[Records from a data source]

+ + + + + + +

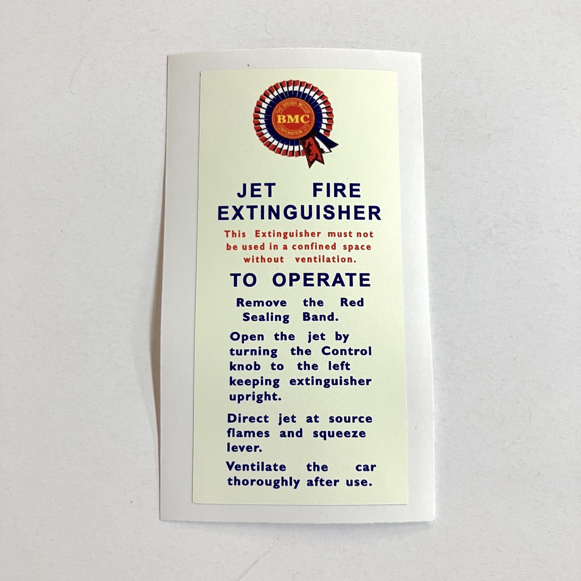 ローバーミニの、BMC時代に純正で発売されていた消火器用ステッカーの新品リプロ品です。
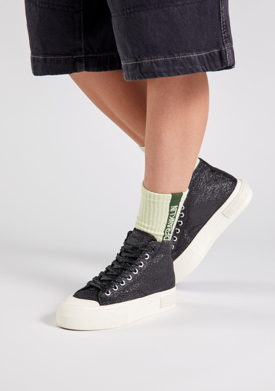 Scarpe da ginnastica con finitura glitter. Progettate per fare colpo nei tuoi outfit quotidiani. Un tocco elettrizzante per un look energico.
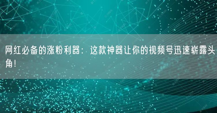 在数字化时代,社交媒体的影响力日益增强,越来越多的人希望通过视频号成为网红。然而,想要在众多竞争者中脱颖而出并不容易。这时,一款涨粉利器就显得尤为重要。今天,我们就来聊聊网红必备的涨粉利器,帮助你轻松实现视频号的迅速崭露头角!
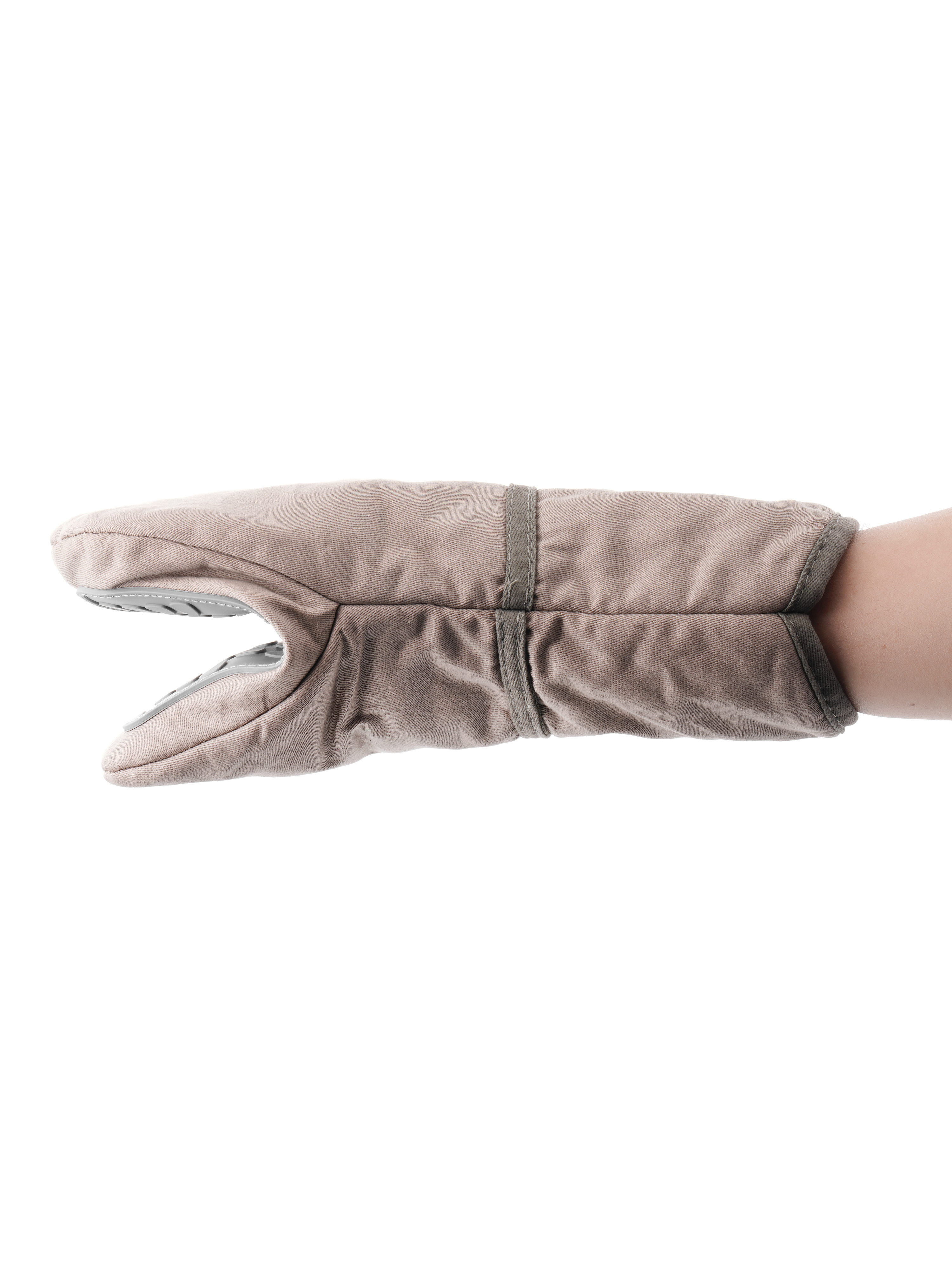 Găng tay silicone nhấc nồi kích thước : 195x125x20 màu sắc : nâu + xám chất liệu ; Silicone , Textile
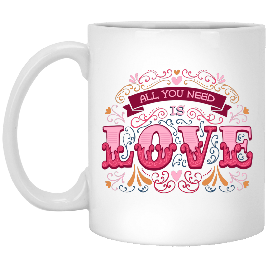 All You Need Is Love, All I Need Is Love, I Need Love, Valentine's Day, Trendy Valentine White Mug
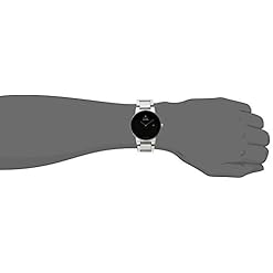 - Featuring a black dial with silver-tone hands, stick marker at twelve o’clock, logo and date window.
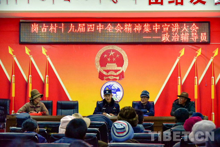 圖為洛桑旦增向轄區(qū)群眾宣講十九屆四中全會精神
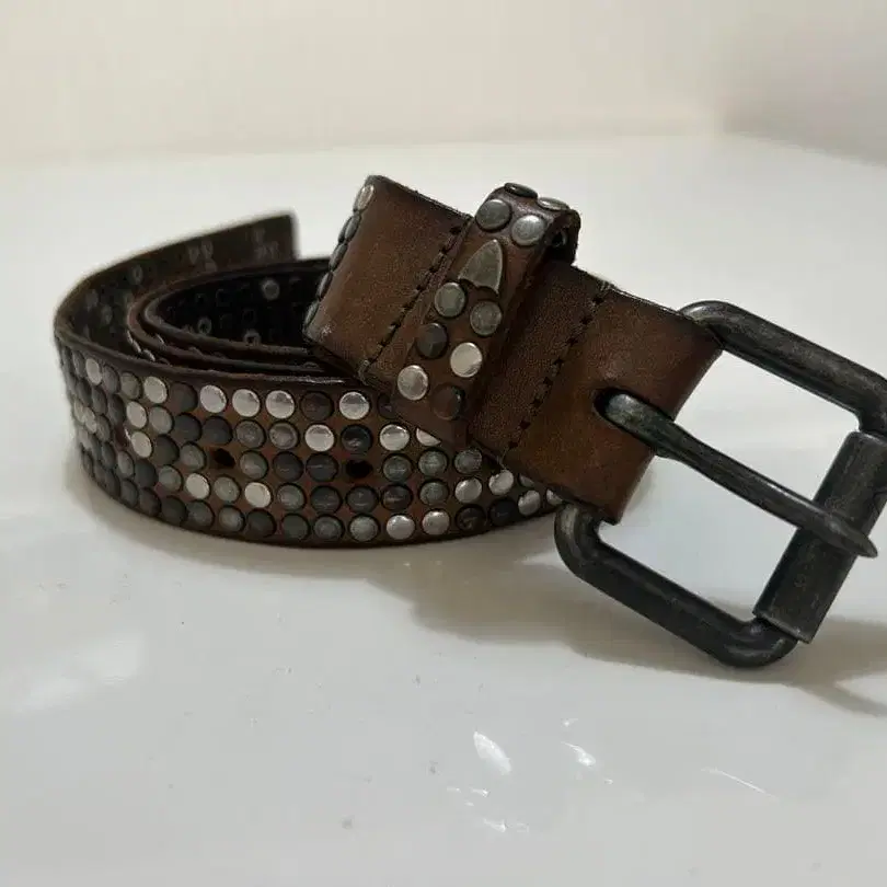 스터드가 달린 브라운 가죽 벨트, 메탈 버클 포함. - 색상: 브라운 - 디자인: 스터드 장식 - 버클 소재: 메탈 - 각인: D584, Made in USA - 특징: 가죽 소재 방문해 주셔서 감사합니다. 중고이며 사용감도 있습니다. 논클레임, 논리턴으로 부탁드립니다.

+ + + + + + +

▶ _WHAT THE EXERCISE ASKS_:
Leave every picture out. Retype the remaining data exactly.

▶ _EXERCISE RESPONSE_:
 ローバーミニの、BMC時代に純正で発売されていた消火器用ステッカーの新品リプロ品です。
 Scarpe da ginnastica con finitura glitter. Progettate per fare colpo nei tuoi outfit quotidiani. Un tocco elettrizzante per un look energico.
 在数字化时代,社交媒体的影响力日益增强,越来越多的人希望通过视频号成为网红。然而,想要在众多竞争者中脱颖而出并不容易。这时,一款涨粉利器就显得尤为重要。今天,我们就来聊聊网红必备的涨粉利器,帮助你轻松实现视频号的迅速崭露头角!
 Găng tay silicone nhấc nồi kích thước : 195x125x20 màu sắc : nâu + xám chất liệu ; Silicone , Textile
 All You Need Is Love, All I Need Is Love, I Need Love, Valentine's Day, Trendy Valentine White Mug
 - Featuring a black dial with silver-tone hands, stick marker at twelve o’clock, logo and date window.
 圖為洛桑旦增向轄區(qū)群眾宣講十九屆四中全會精神
 스터드가 달린 브라운 가죽 벨트, 메탈 버클 포함. - 색상: 브라운 - 디자인: 스터드 장식 - 버클 소재: 메탈 - 각인: D584, Made in USA - 특징: 가죽 소재 방문해 주셔서 감사합니다. 중고이며 사용감도 있습니다. 논클레임, 논리턴으로 부탁드립니다.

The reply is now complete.